Source data
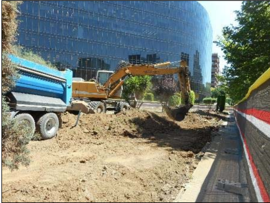
5. Màquina realitzant els rebaixos dins l'àmbit d'actuació.
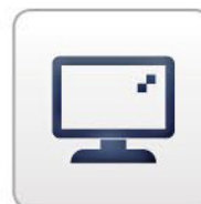
Pantalla Color TFT
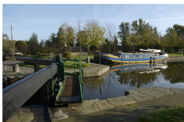
Le canal d'Ille-et-Rance
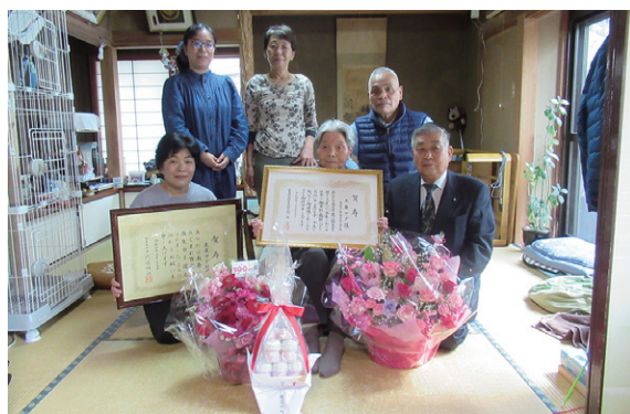
賀寿などを受けたサダさん(前列右から 2 人目)

土屋さんに長寿の秘訣を伺うと、「遠慮しないこと。よく食べる」と話してくれました。土屋さん、いつまでもお元気にお過ごしください。
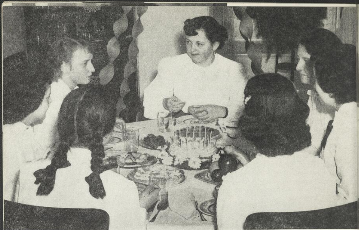
Une "famille" fête sa maman...

...une autre prépare la messe du dimanche
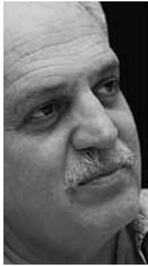
CIÊNCIA APLICADA AO MEIO AMBIENTE Carlos Nobre Climatologista
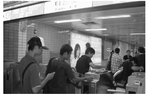
第7回使節団 [韓国] 中心街での地下鉄の乗車
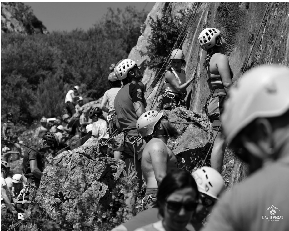
Escalando en Peña Grande.
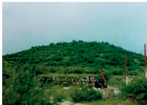
Sl. 3. Cvituša prije devastacije izgradnjom odašiljača

Položaj Cvituše (sl. 3.) u središtu ovog dijela Ličkog polja, geografskog tipa samostalnog i dominantnog uzvišenja, u potpunosti kontrolira prostor. Plato na vrhu je zaravnjen i ogoljene je površine s vrlo plitkim očuvanim humusnim slojem, što se mijenja prema zapadnom i južnom rubu te padinama koje su korištene kao naseobinske terase. Položaj nekropole nije ubiciran, a prema geomorfologiji terena, pretpostavljen je na sjevernoj strani, padinama i zemljanim gredama u polju. Vjerojatno iz ove nekropole potječe rukobran od spiralno savijena 41-og navoja brončane žice, koji svojim analogijama datira u početak starijeg željeznog doba, (9. st. pr. Kr.), što je „našast u starom grobu na desnoj mrtvačkoj ruci u Lovincu“, dok se kontinuitet u mlađe željezno doba može pretpostaviti prema nalazu brončane pincete „našasta kod sv. Mihovilja u Liki“. (Ljubić 1876: 10, 24, T.II/12)
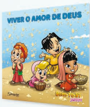
Bem-te-vi Jardim [4-6 anos]

Organizada em três unidades: Eu e Deus; Eu comigo mesmo(a); Eu e as outras pessoas. Através da história de personagens bíblicos e de comunidades de fé, aprendemos sobre viver, compartilhar e testemunhar o amor de Deus com todas as pessoas. Os materiais atendem aos alunos e alunas de todas as idades, com uma revista única para professores(as).
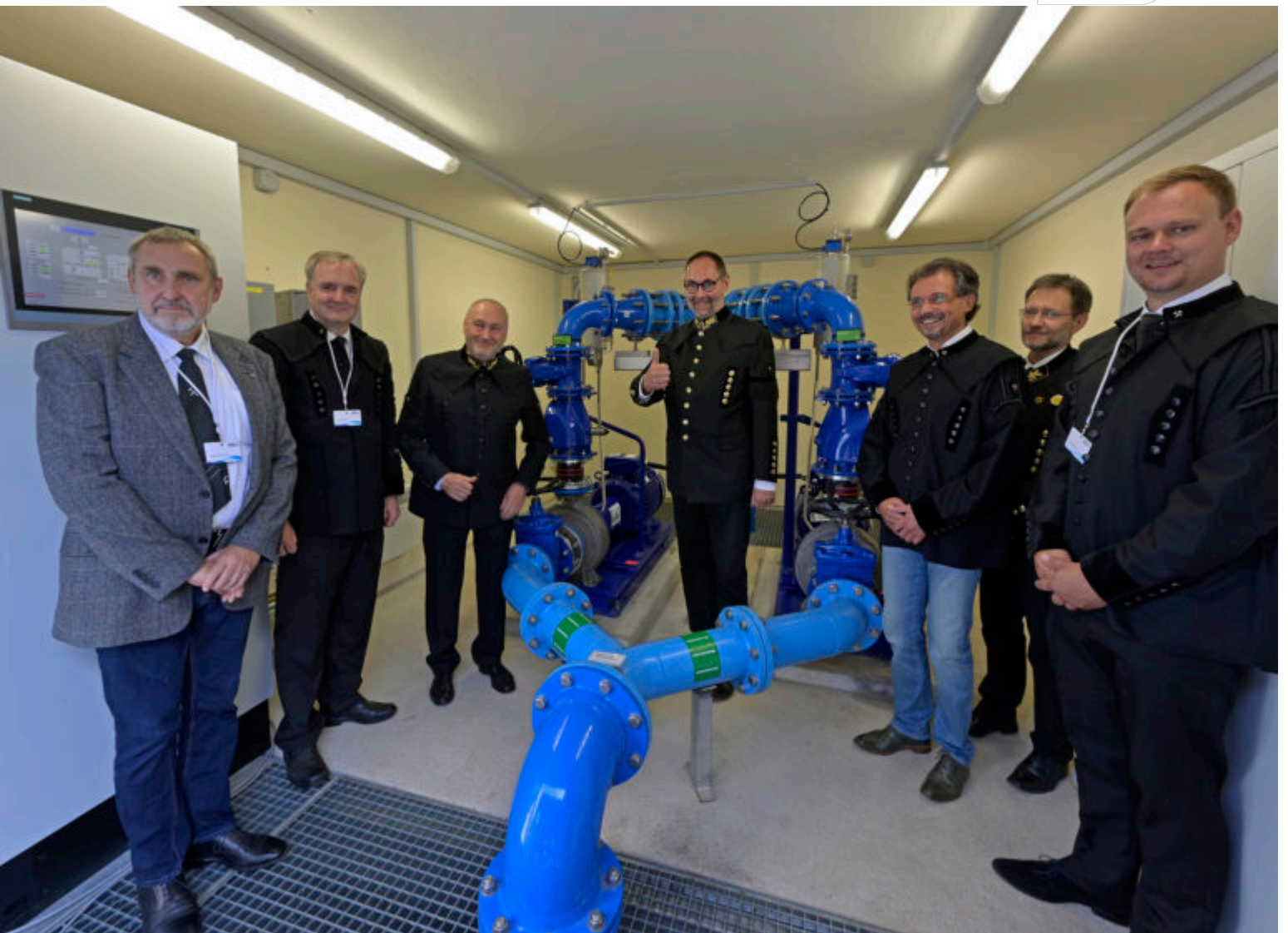
Besichtigung der Pumpanlage

Zertifikat seit 2023 audit berufundfamilie
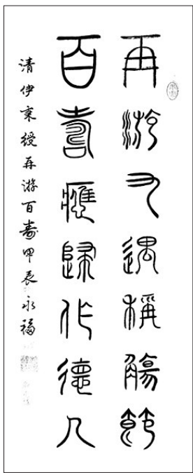
清伊索授再游百善甲辰永福
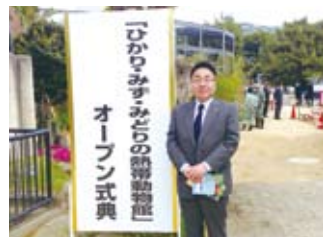
動物園「熱帯動物館」オープン式典 (4/27)
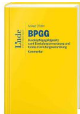
BPGG | Bundespflegegeldgesetz Ladenpreis: 59,00EUR
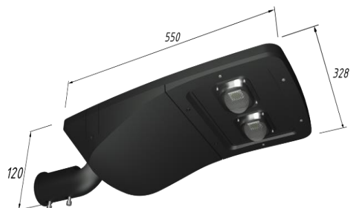
Рисунок 1. Габаритные размеры
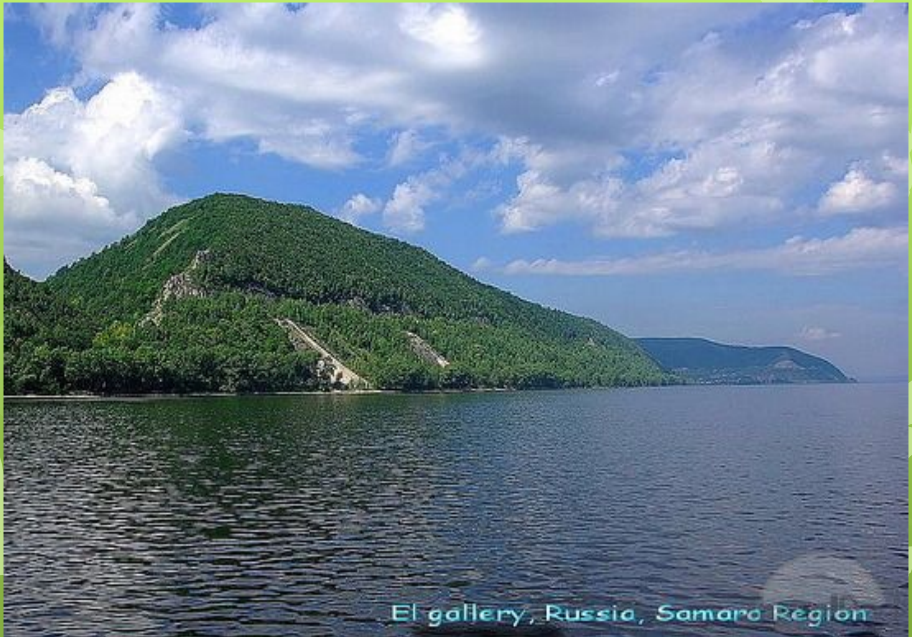
El gallery, Russia, Samara Region

— What you should do —
Send back every line above exactly, skipping all pictures.

— Response to the task —
5. Màquina realitzant els rebaixos dins l'àmbit d'actuació.
Pantalla Color TFT
Le canal d'Ille-et-Rance
賀寿などを受けたサダさん(前列右から 2 人目)

土屋さんに長寿の秘訣を伺うと、「遠慮しないこと。よく食べる」と話してくれました。土屋さん、いつまでもお元気にお過ごしください。
Une "famille" fête sa maman...

...une autre prépare la messe du dimanche
CIÊNCIA APLICADA AO MEIO AMBIENTE Carlos Nobre Climatologista
第7回使節団 [韓国] 中心街での地下鉄の乗車
Escalando en Peña Grande.
Sl. 3. Cvituša prije devastacije izgradnjom odašiljača

Položaj Cvituše (sl. 3.) u središtu ovog dijela Ličkog polja, geografskog tipa samostalnog i dominantnog uzvišenja, u potpunosti kontrolira prostor. Plato na vrhu je zaravnjen i ogoljene je površine s vrlo plitkim očuvanim humusnim slojem, što se mijenja prema zapadnom i južnom rubu te padinama koje su korištene kao naseobinske terase. Položaj nekropole nije ubiciran, a prema geomorfologiji terena, pretpostavljen je na sjevernoj strani, padinama i zemljanim gredama u polju. Vjerojatno iz ove nekropole potječe rukobran od spiralno savijena 41-og navoja brončane žice, koji svojim analogijama datira u početak starijeg željeznog doba, (9. st. pr. Kr.), što je „našast u starom grobu na desnoj mrtvačkoj ruci u Lovincu“, dok se kontinuitet u mlađe željezno doba može pretpostaviti prema nalazu brončane pincete „našasta kod sv. Mihovilja u Liki“. (Ljubić 1876: 10, 24, T.II/12)
Bem-te-vi Jardim [4-6 anos]

Organizada em três unidades: Eu e Deus; Eu comigo mesmo(a); Eu e as outras pessoas. Através da história de personagens bíblicos e de comunidades de fé, aprendemos sobre viver, compartilhar e testemunhar o amor de Deus com todas as pessoas. Os materiais atendem aos alunos e alunas de todas as idades, com uma revista única para professores(as).
Besichtigung der Pumpanlage

Zertifikat seit 2023 audit berufundfamilie
清伊索授再游百善甲辰永福
動物園「熱帯動物館」オープン式典 (4/27)
BPGG | Bundespflegegeldgesetz Ladenpreis: 59,00EUR
Рисунок 1. Габаритные размеры
El gallery, Russia, Samara Region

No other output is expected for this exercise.